Mitogenome Diversity
Haplotype (H) and nucleotide (π) diversities and average number of nucleotide differences (M) in Ecuador and Peru were calculated using the software package DnaSP 5 (Librado and Rozas 2009). Only mitogenomes from random surveys of modern populations were considered (supplementary table S4, Supplementary Material online). This led to the exclusion of 13 A2 (Tamm et al. 2007; Cardoso et al. 2012), one B2 (Tamm et al. 2007), one C1b (Greenspan 2015, direct submission), nine C1d (Perego et al. 2010), and 12 D4h3a (Perego et al. 2009) mitogenomes from the data set including all available Ecuadorian and Peruvian mitogenomes.
BSP Analysis
BSP analysis was performed with the BEAST software using a strict molecular clock (lognormal distribution across branches and uncorrelated between them) and an HKY85-type model with γ-distributed rates.
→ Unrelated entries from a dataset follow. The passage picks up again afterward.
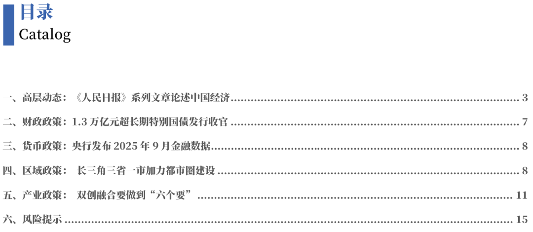 炒股就看金麒麟分析师研报,权威,专业,及时,全面,助您挖掘潜力主题机会! 10月上半月,重点关注四方面政策:高层动态方面,关注《人民日报》系列评论文章;宏观政策方面,关注超长期特别国债发行;区域方面,关注长三角 三省一市都市圈同城化建设;产业方面,关注服务型制造创新发展。 高层动态:《人民日报》系列评论文章论述中国经济。(1)国庆期间,《人民日报》连续推出系列评论文章,围绕"经济形势怎么看、经济工作怎么 干",深入系统阐述中国经济长期稳定发展的内在逻辑,以及中国发展之于世界的机遇性和确定性,传递出稳预期、强信心、促发展的强烈信号。(2)习 近平出席全球妇女峰会开幕式并发表主旨讲话。(3)国务院以"强化标准引领保障作用,以标准升级促进经济高质量发展"为主题的国务院第十六次专题 学习。(4)李强总理赴平壤出席朝鲜劳动党建党80周年庆祝活动并对朝鲜进行正式友好访问。 财政政策:1.3万亿元超长期特别国债发行收官。10月9日,财政部公开《关于公布2025年第四季度国债发行有关安排的通知》,明确今年第四季度超长期 特别国债发行安排,意味着2025年1.3万亿元超长期特别国债于10月14日完成发行。2025年共发行了20 ...
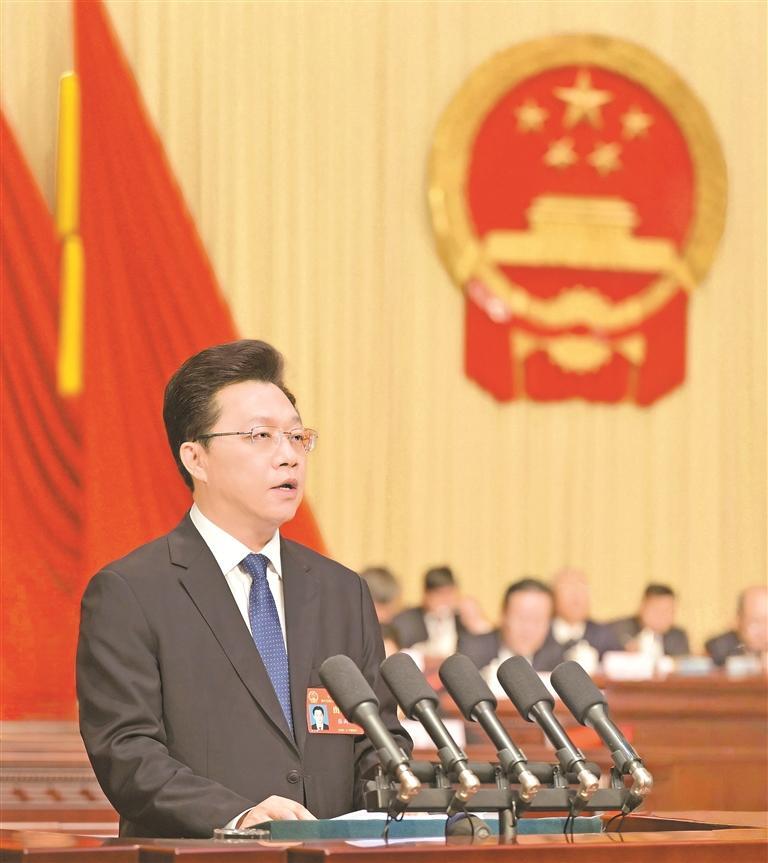 2月3日,宁夏回族自治区第十三届人民代表大会第四次会议在银川开幕。自治区人民政府主席张雨浦作政府工作报告。记者 王鼎 摄
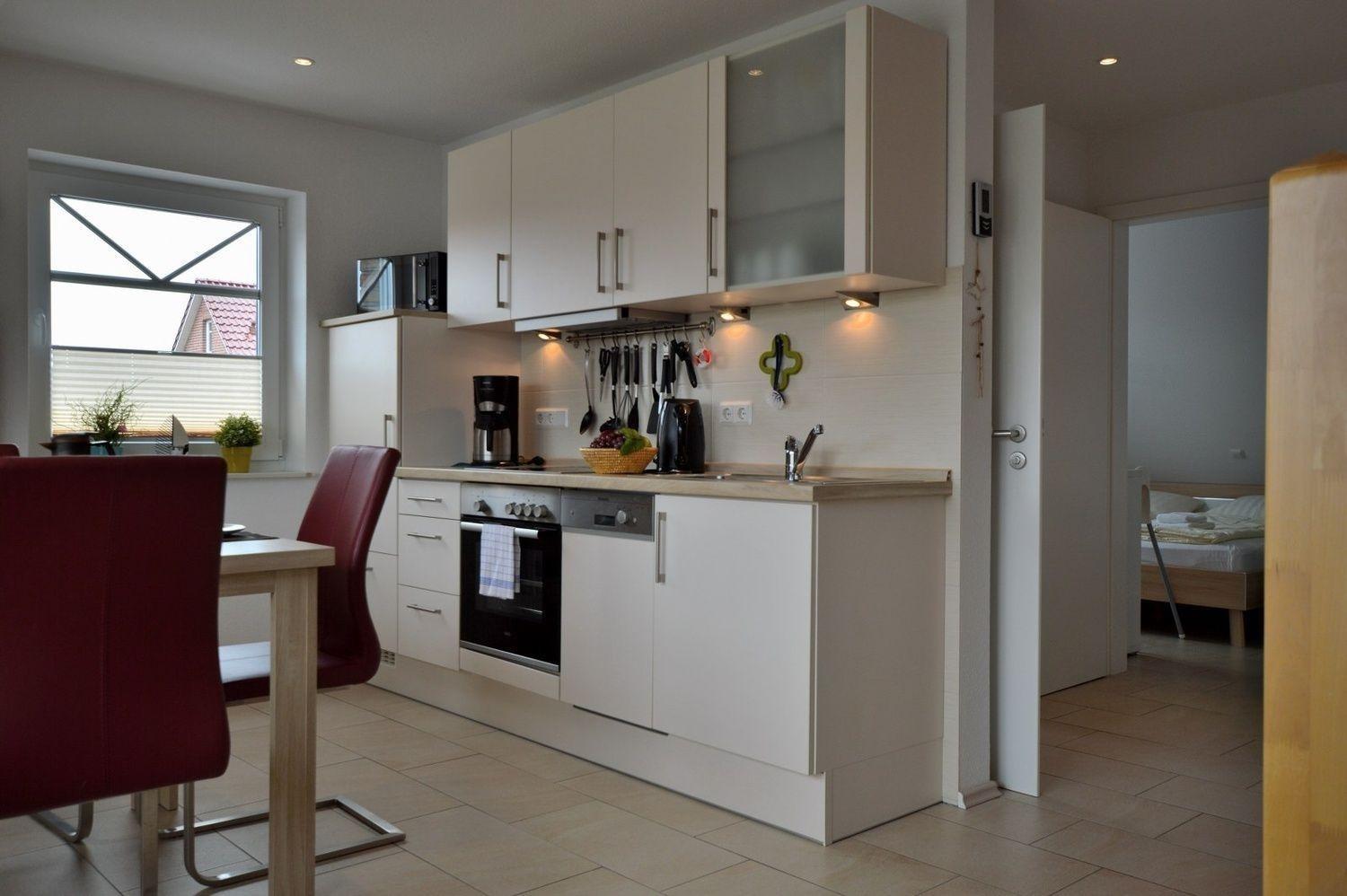 In der Komfort-Einbauküche mit gehobener Ausstattung wird es Ihnen an nichts fehlen. So stehen Ihnen zum Beispiel ein Geschirrspüler, Glaskeramik-Kochfeld, Einbauherd, Kühlschrank mit 4 Gefrierfach, Mikrowelle, Kaffeemaschine, Wasserkocher, Eierkocher, Toaster, Stabmixer... zur Verfügung.

The ages of haplogroups N and M (Behar et al. 2012) were considered as consistent internal calibration points. The chain length was established at 50,000,000 iterations, with samples drawn every 10,000 MCMC steps, after a discarded burn-in of 5,000,000 steps. BSPs were visualized in a plot with Tracer v1.5 and then converted into an Excel graph by assuming a generation time of 25 years.